Through these US and international activities, Professor Peterson offered his expertise to administrators in these countries and been involved in guiding complete institutional and national system transformation. He has use it as a focus for his current scholarship on transformation and brought these experiences back to students and colleagues at the Center, thus enriching the climate for learning and expanding the many ways Center faculty make a positive difference in improving higher education.

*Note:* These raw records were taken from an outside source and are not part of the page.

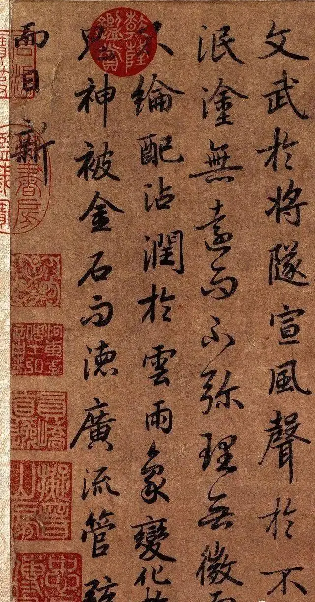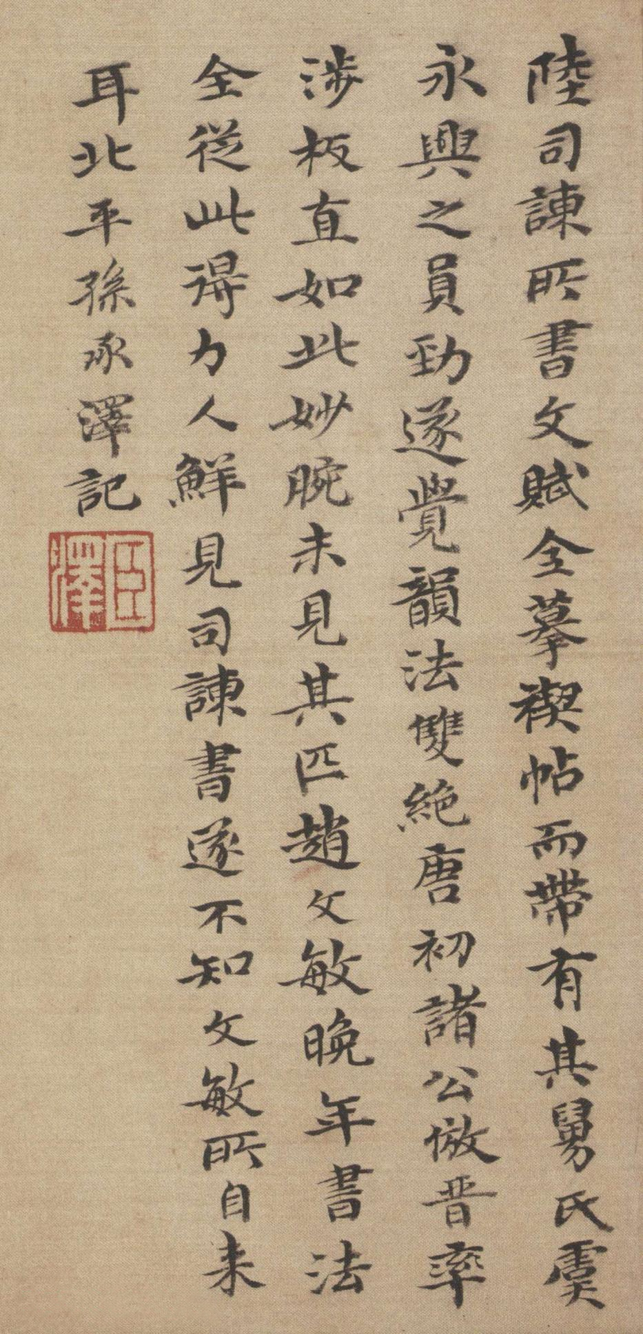 在唐代有一位书法界的“一哥”,他是虞世南的外甥,也是“草圣”张旭的外祖父,他就是大书法家陆柬之。陆柬之的这件《文赋》现藏于台北故宫博物院,乃是著名的“国宝级书法”,婉媚遒劲,结体温雅,笔法飘纵,艳媚动人,此作因为太过珍贵而到现在依旧被禁止出境展览。而孙承泽在其上题跋近百字,还盖了“孙氏”章,可见他对此书法的喜爱和推崇。
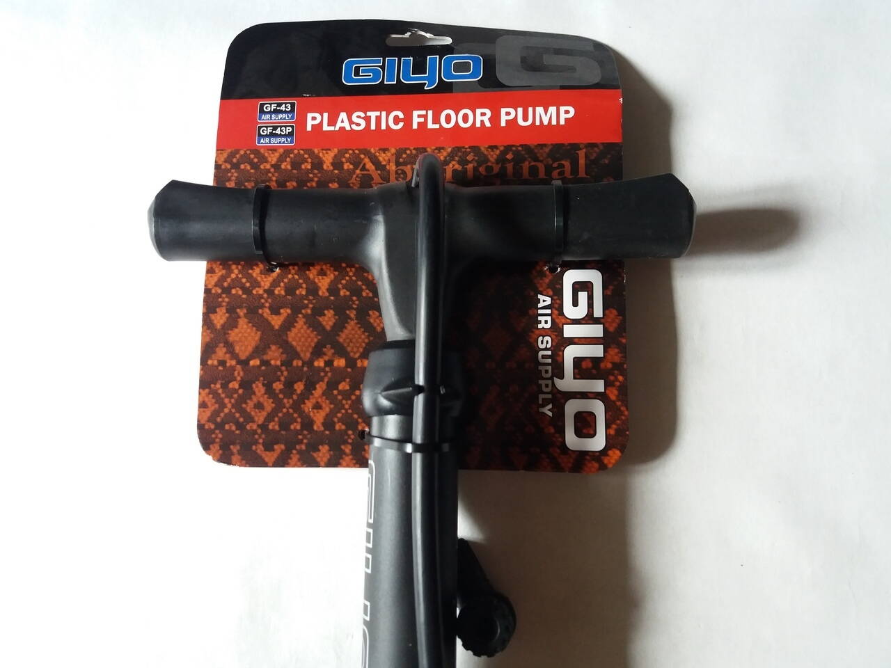 Напольный насос для велосипеда Giyo GF-43P, чтобы качать камеры с типом нипеллей Presta, Schrader, Dunlop. Пластиковый, с гибким шлангом и пластиковой подножкой. Максимальное давление 120 psi/8.3 bar. На манометре две шкалы psi, bar.
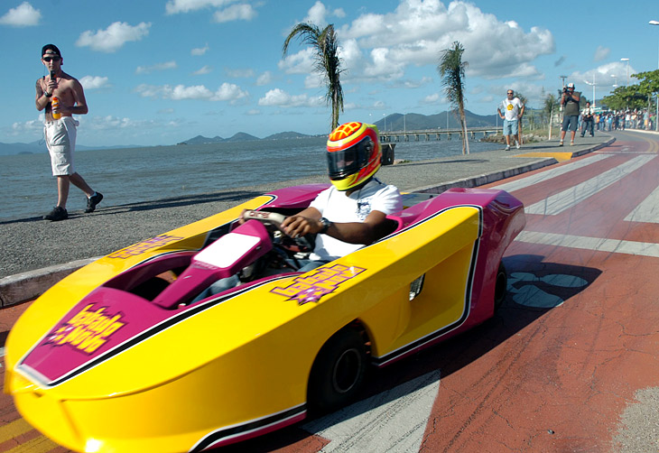A pista de ciclismo da avenida Beiramar Norte não estava em um dia comum. No lugar das bicicletas, dois karts coloridos chamavam a atenção do público catarinense. Antonio Pizzonia pilotava um, enquanto Xandinho Negrão protagonizava em outro kart a largada simbólica do Desafio das Estrelas.
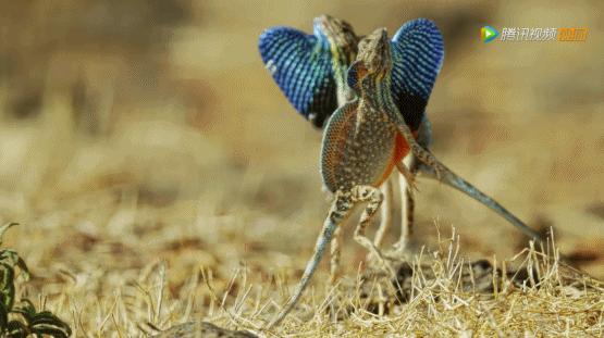 华丽扇喉蜥为了争夺吸引异性的高台,打得不可开交:
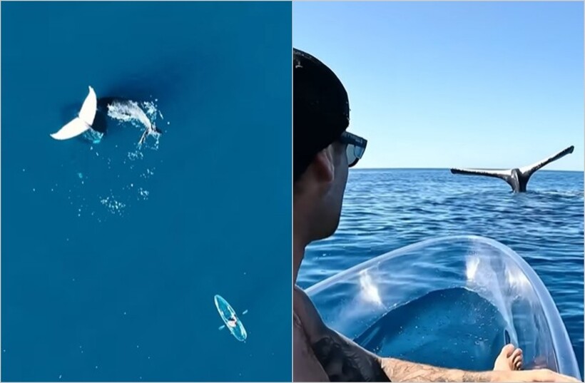 Мосс плавает на прозрачном каяке, благодаря чему все, что происходит в воде, ему прекрасно видно. Мужчин подплыл киту настолько близко, что очертания животного стали видны под водой через прозрачную лодку. Но самое удивительное то, в какой позе был кит: его хвост был направлен в небо, и в таком положении он держался некоторое время.
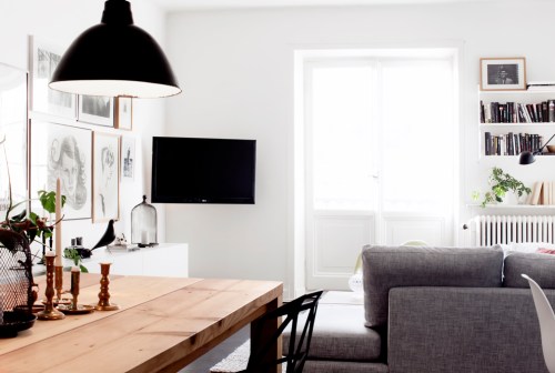 Suelos, zócalos, paredes y techos en blanco, como no podía ser de otra manera, los cuadros enmarcados en negro, mobiliario de líneas clásicas nórdicas en madera y textiles en tonos grises. La misma fórmula de siempre, pero alegrada y mejorada con los detalles personales de sus inquilinos.
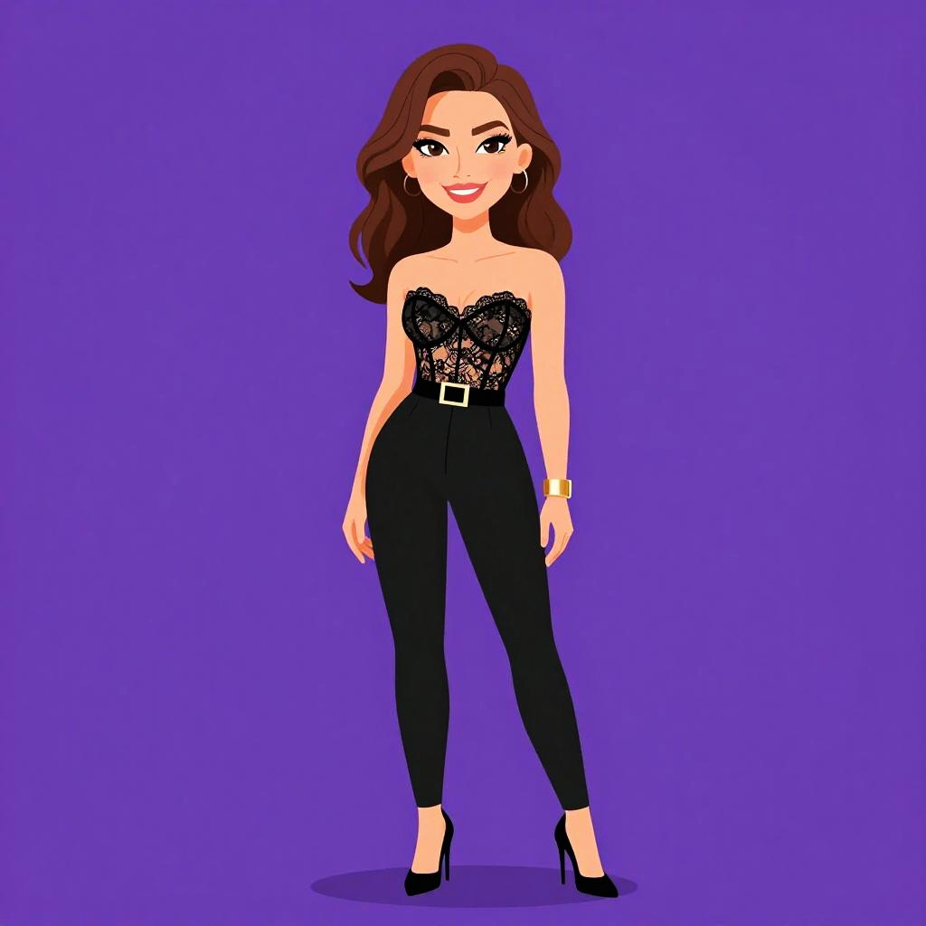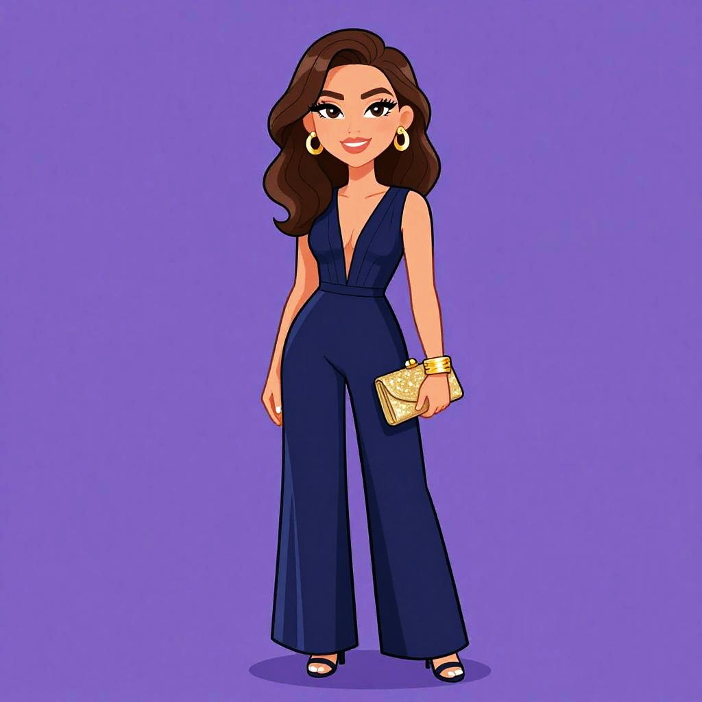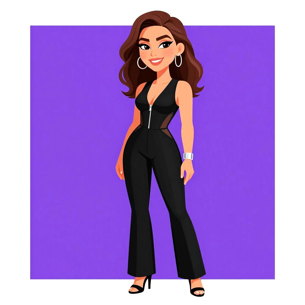 Woman with pretty face and pretty hair. smiling Woman, chic, sleeveless black jumpsuit with a plunging neckline and mesh side cut-outs, fitted silhouette, full-length trousers, frontal zipper closure, paired with black open-toe high heels, accessorized with a silver arm cuff. --sref 1467

The National Forum on Higher Education for the Public Good
The National Forum on Higher
Education for the Public Good (formerly, The Kellogg Forum
on Higher Education for the Public Good) is designed to significantly
increase awareness, understanding, commitment, and action relative
to the public service role of higher education in the United States. Its
Director is CSHPE Professor John
C. Burkhardt.
In pursuit of its mission, the National Forum seeks to foster a renewed sense of common purpose among all those who are stewards for the values and responsibilities of higher education in our society through something of a social and professional "movement”. It seeks to align and amplify the efforts - those of scholars, teachers, practitioners, and students - whose work is directed toward achieving the public service mission of higher education, to expand, deepen and promote the application of scholarship that will lead to a clearer understanding of the public service role of U.S. colleges and universities, and to enhance the level of understanding within the general public about the contributions higher education makes to the improvement of our lives, the defense of our freedoms and the practice of democracy in a diverse society.
The W.K. Kellogg Foundation, which established the Forum in 2000, has extended its funding through 2006 and has recently awarded the Forum two new grants to support its work. Early this spring the National Forum announced a ground-breaking initiative, “Access to Democracy” which focuses new attention on the important relationship between higher education and the U.S. public.